Investigating Split Locks on x86-64

How bad are they, really? And how bad is the medicine?

Apr 08, 2026

“Split locks” are atomic operations that access memory across cache line boundaries. Atomic operations let programmers perform several basic operations in sequence without interference from another thread. That makes atomic operations useful for multithreaded code. For instance, an atomic test and set can let a thread acquire a higher level lock. Or, an atomic add can let multiple threads increment a shared counter without using a software-orchestrated lock. Modern CPUs handle atomics with cache coherency protocols, letting cores lock individual cache lines while letting unrelated memory accesses proceed. Intel and AMD apparently don’t have a way to lock two cache lines at once, and fall back to a "bus lock" if an atomic operation works on a value that’s split across two cache lines.

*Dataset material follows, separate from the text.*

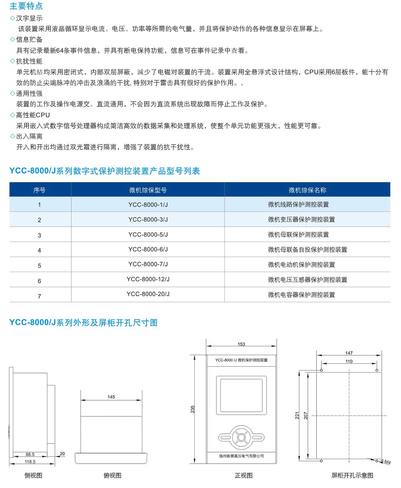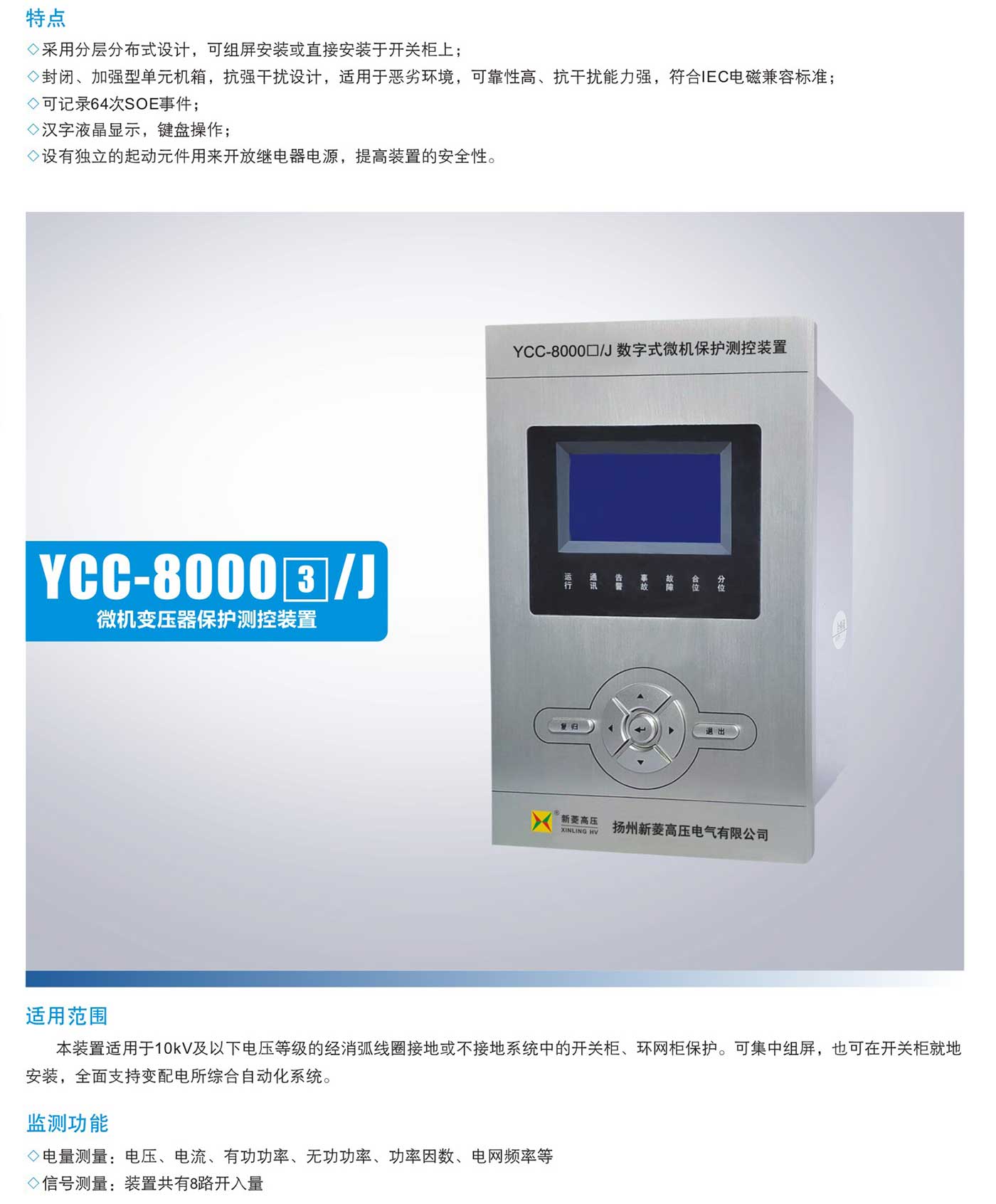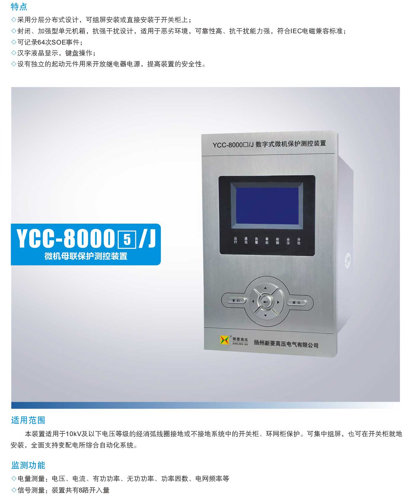YCC-8000口/J户内微机保护测控装置

Bus locks are problematic because they’re slow, and taking a bus lock “potentially disrupts performance on other cores and brings the whole system to its knees”. AMD and Intel’s newer cores can trap split locks, letting the kernel easily detect processes that use split locks and potentially mitigate that noisy neighbor effect. Linux defaults to using this feature and inserting an artificial delay to mitigate the performance impact.

Testing Split Locks

I have a core to core latency test that bounces an incrementing counter between cores using _InterlockedCompareExchange64. That compiles to lock cmpxchg on x86-64, which is an atomic test and set operation. I normally target a value at the start of a 64B aligned block of memory, but here I’m modifying it to push the targeted value’s start address to just before the end of the cache line. Doing so places some bytes of the targeted 8B (64-bit) value on the first cache line, and the rest on the next one. As expected, “core to core latency” with split locks range from bad to horrifying.

To assess the potential disruption from split locks, I ran memory latency and bandwidth microbenchmarks on cores excluded from the core to core latency test. Besides microbenchmarks, I ran Geekbench 6’s photo filter and asset compression workloads. The photo filter workload generates a lot of cache miss traffic, while asset compression tends to be the opposite. Many recent CPUs only achieve their highest clock speeds with two or fewer cores active. One core will be loaded by the workload being tested for contention effects, and another pair will be used for the core to core latency test. I therefore turned off boost or lowered clock speeds on some of the tested hardware to reduce noisy neighbor effects from clock speed variation, helping isolate the effects of split locks.

Intel Core Ultra 9 285K

Intel’s Arrow Lake gets to be the first victim. Normal core to core latency results look like this:

Tested on Linux, which numbers cores with the P-Cores first, then all E-Cores

Split locks send latency to 7 microseconds, which remains mostly constant across different core types.

On Arrow Lake, split locks only affect L2 misses. It’s close to a “bus lock” in the traditional sense because it affects the first level in the memory hierarchy shared by all CPU cores. In theory a program can be completely unaffected by split locks as long as it keeps hitting in L2 or faster caches.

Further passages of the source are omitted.